INSTRUCTIONS FOR THE TASK
Print the lines in the listing below starting at the line with "Most practices do" and ending at the line with "- Липкий ролик", both included. Reproduce them exactly and omit every picture.

EXTRACTED INFORMATION
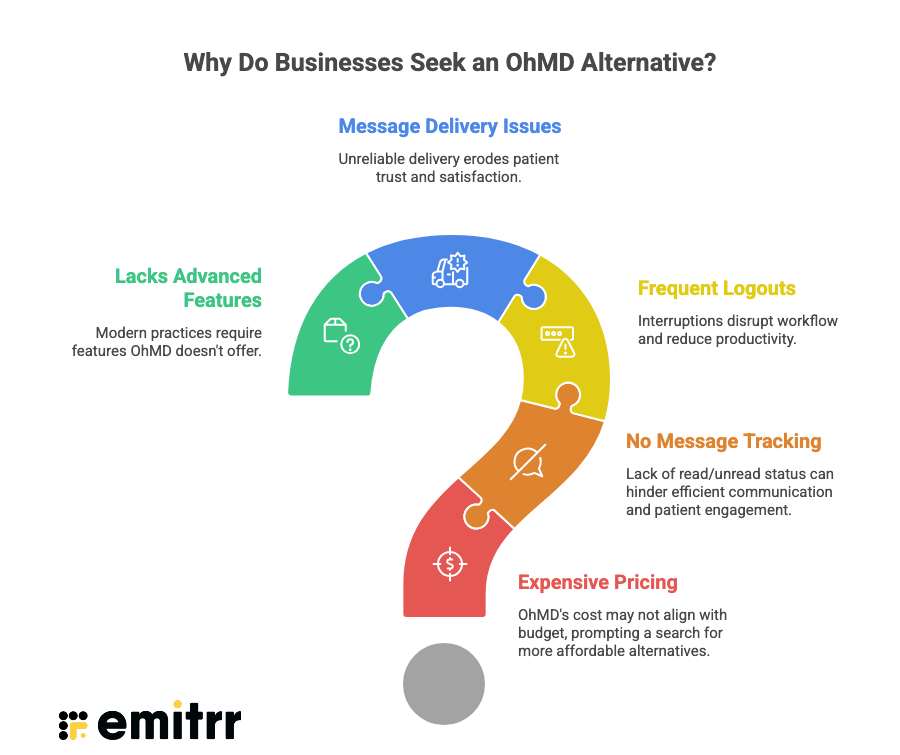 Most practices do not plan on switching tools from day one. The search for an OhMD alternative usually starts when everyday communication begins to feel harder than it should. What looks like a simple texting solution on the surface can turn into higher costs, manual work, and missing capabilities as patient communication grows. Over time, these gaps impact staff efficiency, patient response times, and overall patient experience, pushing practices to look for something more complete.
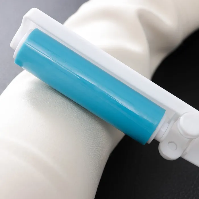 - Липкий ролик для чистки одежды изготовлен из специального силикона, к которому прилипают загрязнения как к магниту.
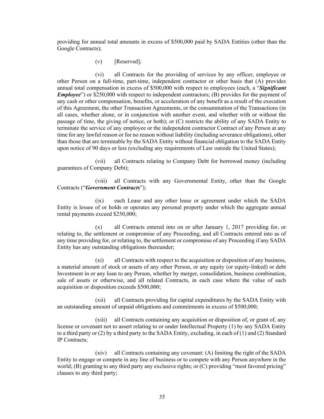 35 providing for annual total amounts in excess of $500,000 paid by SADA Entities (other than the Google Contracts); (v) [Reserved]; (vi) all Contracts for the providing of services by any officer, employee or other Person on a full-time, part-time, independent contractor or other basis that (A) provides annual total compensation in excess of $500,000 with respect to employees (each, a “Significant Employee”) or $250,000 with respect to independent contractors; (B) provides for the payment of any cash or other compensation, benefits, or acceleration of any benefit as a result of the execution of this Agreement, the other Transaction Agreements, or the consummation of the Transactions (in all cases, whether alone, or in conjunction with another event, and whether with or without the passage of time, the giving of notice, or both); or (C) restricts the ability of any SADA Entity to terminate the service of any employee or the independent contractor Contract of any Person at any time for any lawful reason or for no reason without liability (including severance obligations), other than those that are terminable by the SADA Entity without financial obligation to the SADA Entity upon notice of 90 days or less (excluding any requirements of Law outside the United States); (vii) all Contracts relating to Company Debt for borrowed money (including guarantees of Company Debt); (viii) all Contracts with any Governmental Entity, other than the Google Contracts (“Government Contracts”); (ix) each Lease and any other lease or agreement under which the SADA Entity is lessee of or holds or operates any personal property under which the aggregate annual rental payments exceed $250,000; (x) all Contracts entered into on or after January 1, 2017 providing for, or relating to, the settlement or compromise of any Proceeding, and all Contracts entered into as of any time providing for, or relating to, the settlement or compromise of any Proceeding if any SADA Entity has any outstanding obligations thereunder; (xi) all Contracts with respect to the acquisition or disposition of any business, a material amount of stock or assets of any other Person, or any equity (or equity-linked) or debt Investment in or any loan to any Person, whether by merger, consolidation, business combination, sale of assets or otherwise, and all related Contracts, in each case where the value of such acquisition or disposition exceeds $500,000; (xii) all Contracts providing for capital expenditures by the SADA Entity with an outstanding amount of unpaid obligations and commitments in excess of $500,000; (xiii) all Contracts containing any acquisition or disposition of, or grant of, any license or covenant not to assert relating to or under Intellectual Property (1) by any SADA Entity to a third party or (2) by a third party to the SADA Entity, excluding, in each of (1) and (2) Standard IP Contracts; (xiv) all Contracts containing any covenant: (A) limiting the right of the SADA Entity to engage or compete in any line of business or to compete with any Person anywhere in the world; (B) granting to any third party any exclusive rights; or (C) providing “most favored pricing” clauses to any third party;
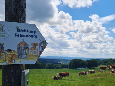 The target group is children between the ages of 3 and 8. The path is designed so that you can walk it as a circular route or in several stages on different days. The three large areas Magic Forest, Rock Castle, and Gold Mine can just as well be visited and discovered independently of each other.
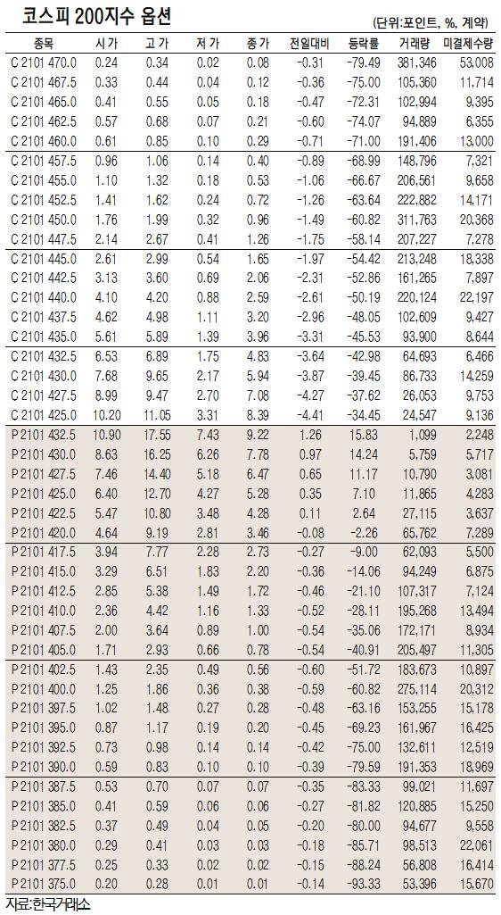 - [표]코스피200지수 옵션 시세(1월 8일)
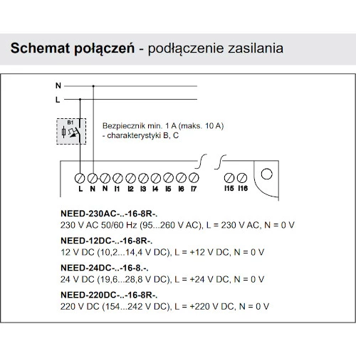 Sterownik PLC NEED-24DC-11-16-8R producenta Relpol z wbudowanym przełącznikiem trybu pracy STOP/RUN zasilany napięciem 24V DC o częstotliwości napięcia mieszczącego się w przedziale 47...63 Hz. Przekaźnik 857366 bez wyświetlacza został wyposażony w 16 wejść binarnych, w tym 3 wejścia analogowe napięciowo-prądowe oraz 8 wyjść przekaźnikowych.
---
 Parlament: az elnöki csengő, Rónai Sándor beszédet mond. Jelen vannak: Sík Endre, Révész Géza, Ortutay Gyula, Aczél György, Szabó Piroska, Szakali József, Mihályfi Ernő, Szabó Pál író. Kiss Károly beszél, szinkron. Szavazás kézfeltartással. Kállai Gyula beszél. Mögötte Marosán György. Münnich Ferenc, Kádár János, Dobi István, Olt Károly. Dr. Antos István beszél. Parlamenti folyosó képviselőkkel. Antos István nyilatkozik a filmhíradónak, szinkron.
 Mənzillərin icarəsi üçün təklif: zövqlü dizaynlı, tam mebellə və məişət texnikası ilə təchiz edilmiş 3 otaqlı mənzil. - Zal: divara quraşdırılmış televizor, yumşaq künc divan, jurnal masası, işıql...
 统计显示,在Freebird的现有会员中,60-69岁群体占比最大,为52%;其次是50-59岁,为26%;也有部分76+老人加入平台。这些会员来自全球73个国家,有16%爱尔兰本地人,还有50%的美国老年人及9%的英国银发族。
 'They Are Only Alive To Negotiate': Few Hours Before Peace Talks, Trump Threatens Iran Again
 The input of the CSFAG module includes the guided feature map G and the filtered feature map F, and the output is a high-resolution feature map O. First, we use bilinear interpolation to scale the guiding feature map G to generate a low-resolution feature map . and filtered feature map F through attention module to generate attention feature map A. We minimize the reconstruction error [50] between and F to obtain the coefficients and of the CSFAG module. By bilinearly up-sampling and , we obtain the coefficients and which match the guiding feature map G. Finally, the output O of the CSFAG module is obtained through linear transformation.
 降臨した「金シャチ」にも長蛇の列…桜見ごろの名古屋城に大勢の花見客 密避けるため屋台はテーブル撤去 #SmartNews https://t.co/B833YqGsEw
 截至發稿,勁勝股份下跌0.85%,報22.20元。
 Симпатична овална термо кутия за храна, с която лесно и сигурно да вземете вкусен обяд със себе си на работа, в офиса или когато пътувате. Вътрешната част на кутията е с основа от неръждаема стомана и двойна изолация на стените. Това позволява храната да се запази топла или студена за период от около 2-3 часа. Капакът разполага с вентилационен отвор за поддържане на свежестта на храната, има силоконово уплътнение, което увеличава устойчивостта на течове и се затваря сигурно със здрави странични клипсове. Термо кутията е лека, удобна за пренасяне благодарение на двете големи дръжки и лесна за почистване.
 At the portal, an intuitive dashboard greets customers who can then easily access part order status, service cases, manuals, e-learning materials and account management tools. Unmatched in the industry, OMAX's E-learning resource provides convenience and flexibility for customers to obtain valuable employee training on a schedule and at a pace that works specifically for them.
* * *
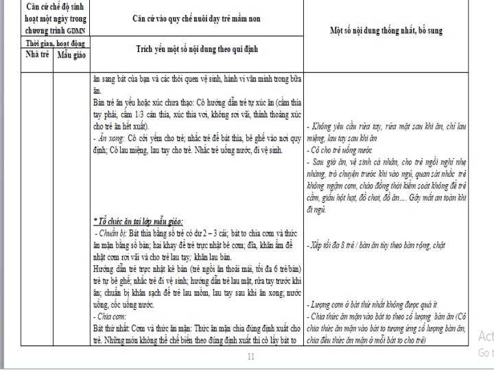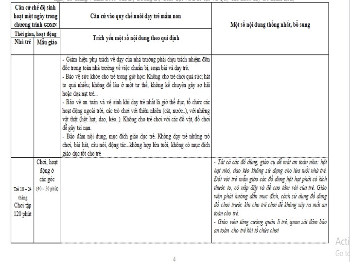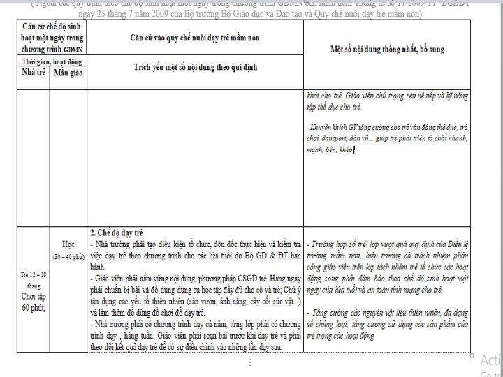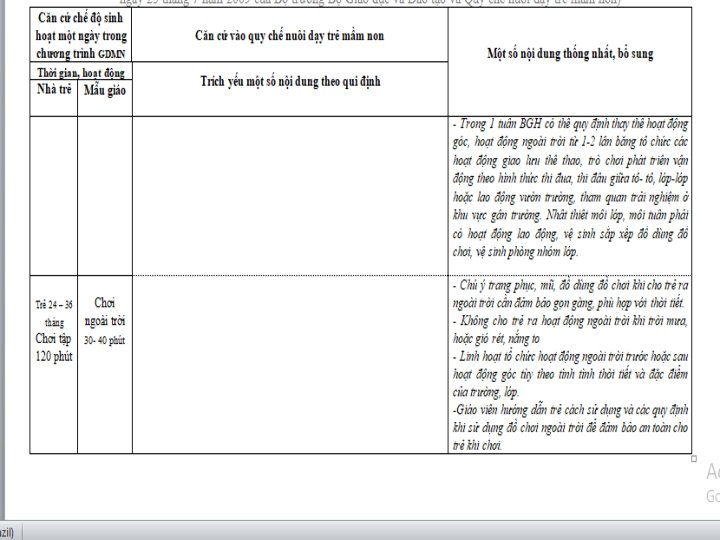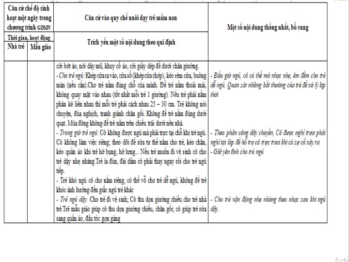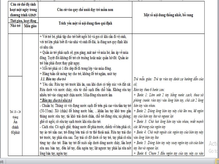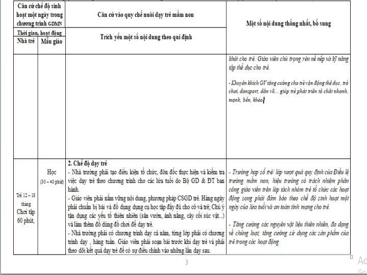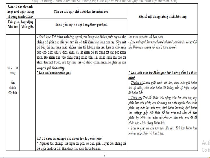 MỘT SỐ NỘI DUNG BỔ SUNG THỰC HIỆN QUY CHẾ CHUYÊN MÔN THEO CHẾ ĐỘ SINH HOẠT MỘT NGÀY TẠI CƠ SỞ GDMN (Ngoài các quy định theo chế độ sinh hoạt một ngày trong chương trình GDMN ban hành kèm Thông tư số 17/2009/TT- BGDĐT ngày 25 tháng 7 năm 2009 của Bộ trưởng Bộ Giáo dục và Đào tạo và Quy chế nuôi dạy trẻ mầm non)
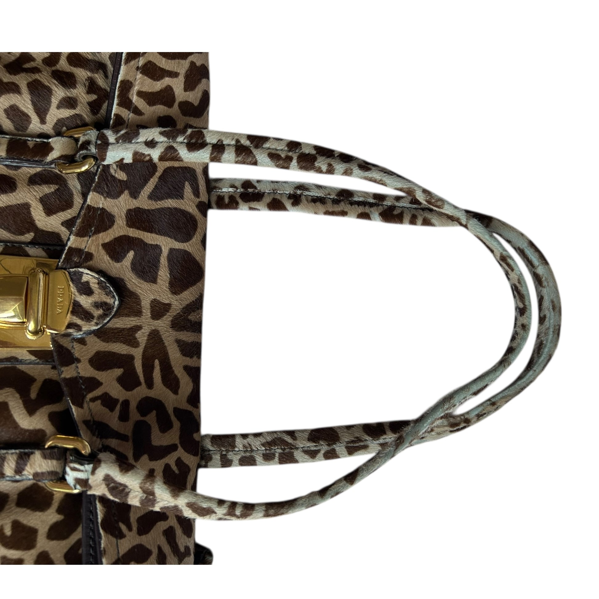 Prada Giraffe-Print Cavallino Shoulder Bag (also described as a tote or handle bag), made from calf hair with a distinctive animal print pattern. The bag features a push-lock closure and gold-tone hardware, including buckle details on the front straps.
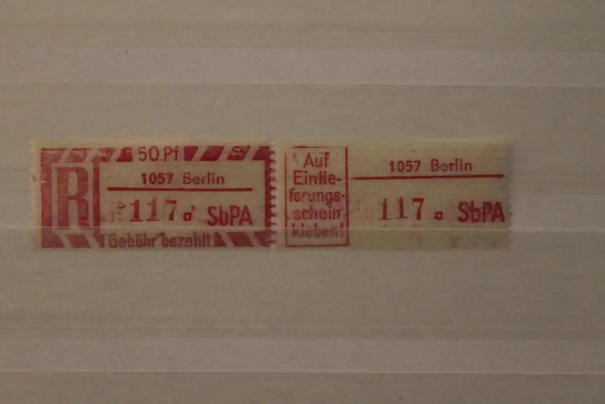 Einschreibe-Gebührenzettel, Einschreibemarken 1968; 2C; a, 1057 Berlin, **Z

COMPLETED TASK
 Most practices do not plan on switching tools from day one. The search for an OhMD alternative usually starts when everyday communication begins to feel harder than it should. What looks like a simple texting solution on the surface can turn into higher costs, manual work, and missing capabilities as patient communication grows. Over time, these gaps impact staff efficiency, patient response times, and overall patient experience, pushing practices to look for something more complete.
 - Липкий ролик для чистки одежды изготовлен из специального силикона, к которому прилипают загрязнения как к магниту.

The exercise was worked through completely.